DSC also helped in identification of hydration window limits of coffee species during cryopreservation (Dussert et al 2001). Soyabean seeds and pea moisture levels, tissues thermal transitions are detected and comparision of these seeds with the seeds that are exposed to lower temperature are compared with DSC. The transition state of lipids and water were estimated by DSC by the level of moisture (Vertucci 1989). The phase transitions of water level in fern spores are also determined by DSC (Ballessteros, 2007). It also helps in stabilization and folding of protein. Ultra tight interactions of molecules are measured by DSC. It is used in process development. During manufacturing the biocomparability is assessed. It can also be used to study the antibody domains. It is used in protein engineering. The effects in the change of structure of molecule can also be determined by using this technique. It is also used in rank order binding. It also helps in providing the insights in refolding and unfolding mechanisms. The reversibility of any thermal processes can be monitored. It is easy to study the molecules with out labelling in their native state and the capacity of heat that is excessive can be measured continuously. The proteins conformational energetic can be monitored and also this technique has the ability to monitor biopolymers.

Advantages of DSC:

The main advantage of DSC is convenient to use. In case of eutectic impurities the analysis of DSC from 1-2 mg sample is very impressive globally. The smaller amount of sample is required and analysis is very quick in DSC. It is also useful in chromatographic techniques for assessing the stability in pharmaceutical development.

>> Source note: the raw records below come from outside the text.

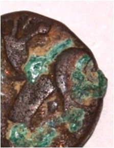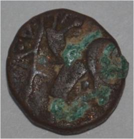 Obverse Horseman to the left. Man on the horseback and flagpole at the back. Reverse Couchant bull facing right and traces of legend on the top.
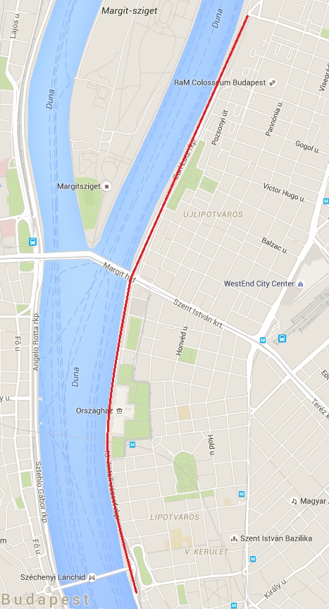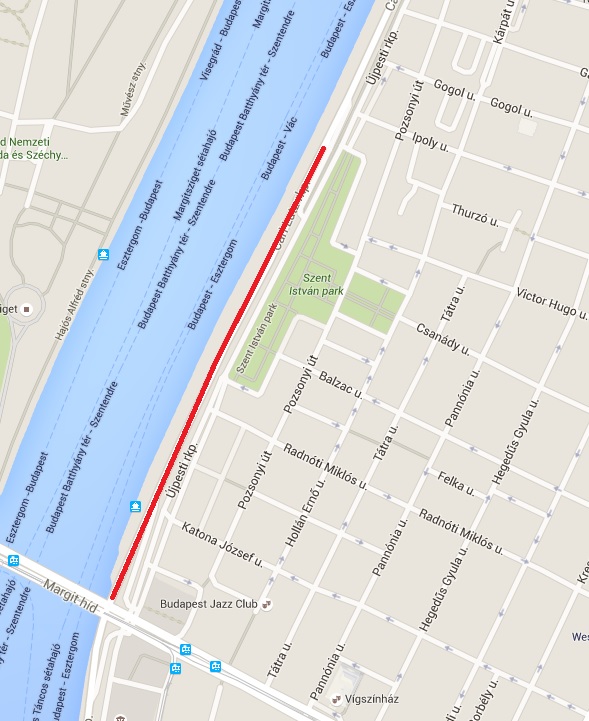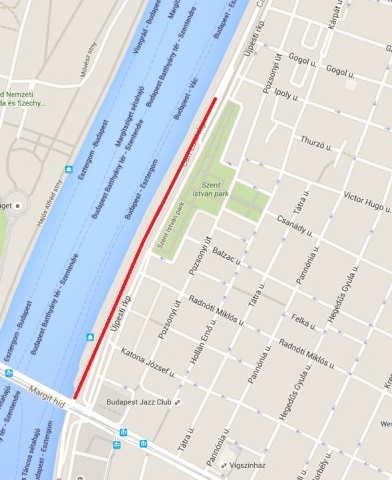 Pesti alsó rakparton a Margit híd és Szent István park között.
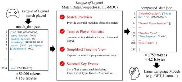 이미지 확대보기'대규모 언어 모델 입력용으로 구조화, 요약한 LOL 매치 데이터' 논문의 주요 내용을 요약한 파이프라인 이미지 자료. 사진=다학제 디지털출판연구소(MDPI)
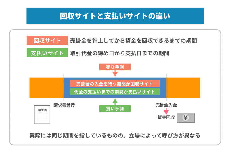売り手側から見れば売掛金の入金を待つ期間が回収サイト、買い手側から見れば代金の支払いまでの期間が支払いサイトです。実際には同じ期間を指しているものの、立場によって呼び方が異なります。
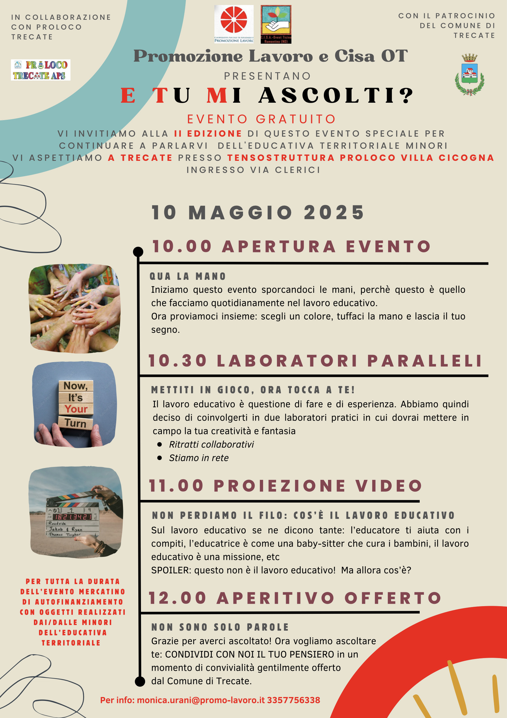 Seconda edizione di E tu mi ascolti? organizzato da Promozione Lavoro e Cisa Ovest ticino, in collaborazione con Proloco Trecate e con il patrocinio del Comune di Trecate.
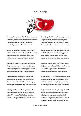Arkadaş! Yurduma alçakları uğratma, sakın. Dalgalan sen de şafaklar gibi ey şanlı hilâl!
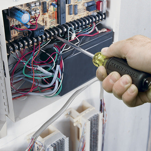 Catalogue number: 6016 Features: ● Thin tip allows you to work in tight spaces. ● Cushion grip handle provides comfortable use. ● The tip is machined with precision machinery for precision. ● The tip shape is marked on the grip end, so you can tell the tip shape even when it is stored in a tool holder. Specifications: ● Tip: [-] 5.0 ● Shaft length (mm): 152.4 ● Overall length (mm): 247.7 ● Grip color: Black ● Shaft diameter (mm): 4.8 ● Magnet: None ● Premium chrome plating Material/Finish: ● Shaft: Steel ● Grip: Rubber
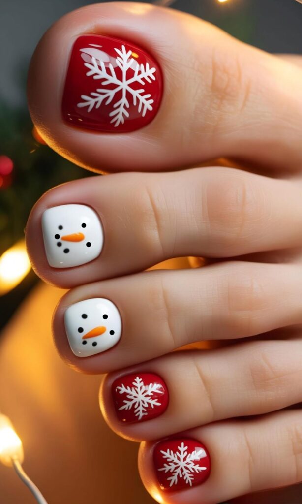Crisp white snowmen with carrot noses peek out from two toes, paired with bold red snowflakes on others — playful, romantic, and perfect for showing off your winter boots. The glossy finish makes it pop, ideal for family gatherings or cozy Christmas mornings.
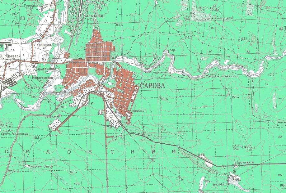 Саров — самый интересный, самый загадочный и самый недоступный пункт этой железнодорожной линии. На месте нынешнего «ядерного» города в конце 17 века был основан монастырь — Саровская пустынь, прославившийся благодаря святому Серафиму Саровскому. В 1927 году монастырь был закрыт и превращён в «трудовую коммуну» для детей-беспризорников, позднее — в исправительный лагерь (СарЛаг). Одновременно здесь строились промышленные предприятия.
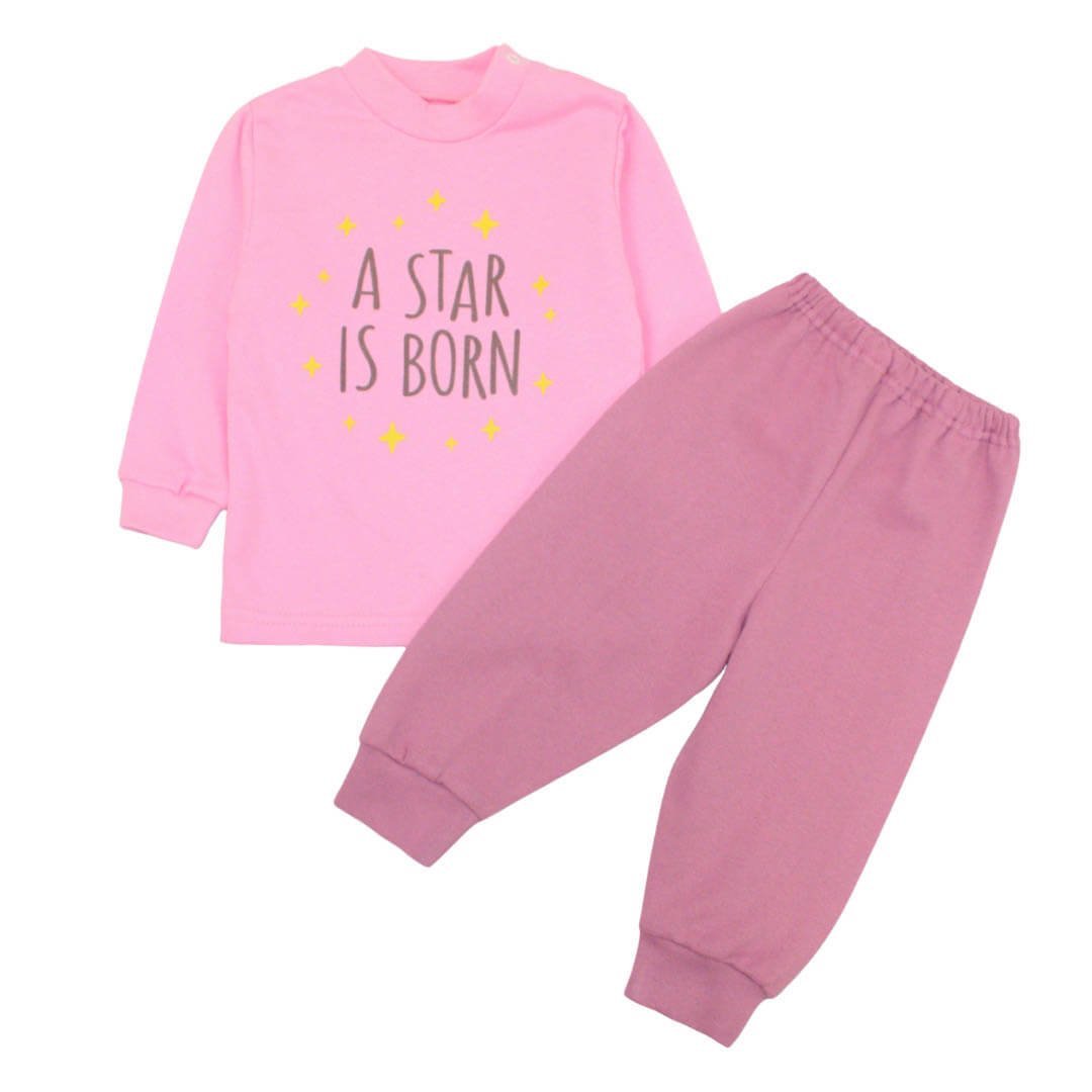 Ясельний костюм для маленьких дівчат і хлопчиків пошитий із теплого полотна начіс, це на 100% бавовняна тканина, що є величезним плюсом. Однотонна дитяча водолазка рожевого кольору з горловиною-стійкою та кнопками на одному плечі спереду прикрашена нанесеним малюнком STAR. Штанці кольору пильна троянда підібрані під водолазку в найбільш підходящому кольорі. Штани без кишень, на манжетах, ще інакше їх називають дитячі гамаші - комфортні під час носіння, вільні за кроєм і чудово підійдуть під памперс. Такий дитячий костюм на зиму, осінь та холодну весну – ідеальний варіант!!

The quantity of water from the sample that has to be cryopreserved is quantified from the thermo diagram that has been produced by DSC . transitions in lipid phase can also be observed while freezing or when the samples are warmed . it is also used to determine the relationship with the lipid quantity in the seed to the high moistures.

Future suggestions:

The technique like DSC is commonly used for the quantification of drugs how ever there are many draw backs of this technique like they show slow heating rates and even it has limitations in usage to measure the solubility of drug. The more advanced techniques like HyperDSC (HDSC) which is a replacement of DSC which works on high heating rates and using this technique we have many advantages. Currently there are latest thermal analysis techniques are available which offers great approach towards the cryoprotection study of the plants. The techniques like Hyper DSC can scan at 500oc min-1 cooling and warming rates. This type of equipments possess low mass furnace design because they are dependent on platinum resistant thermometers and thus they are quick to respond. Hyper DSC is more or less similar to the direct plunging method and the rapid re warming cryopreservation methods. How ever this technique shows great stability profiling for Tgs , detection and characterization specially in glassy states and non homogenous mixtures which contains dehydrated germ plasm. The other advantage of hyper DSC is that measurement of small glass transitions can be done on the basis of differential kinetics. Higher precision rates can be explained for melting phenomenon and for detecting small Tgs.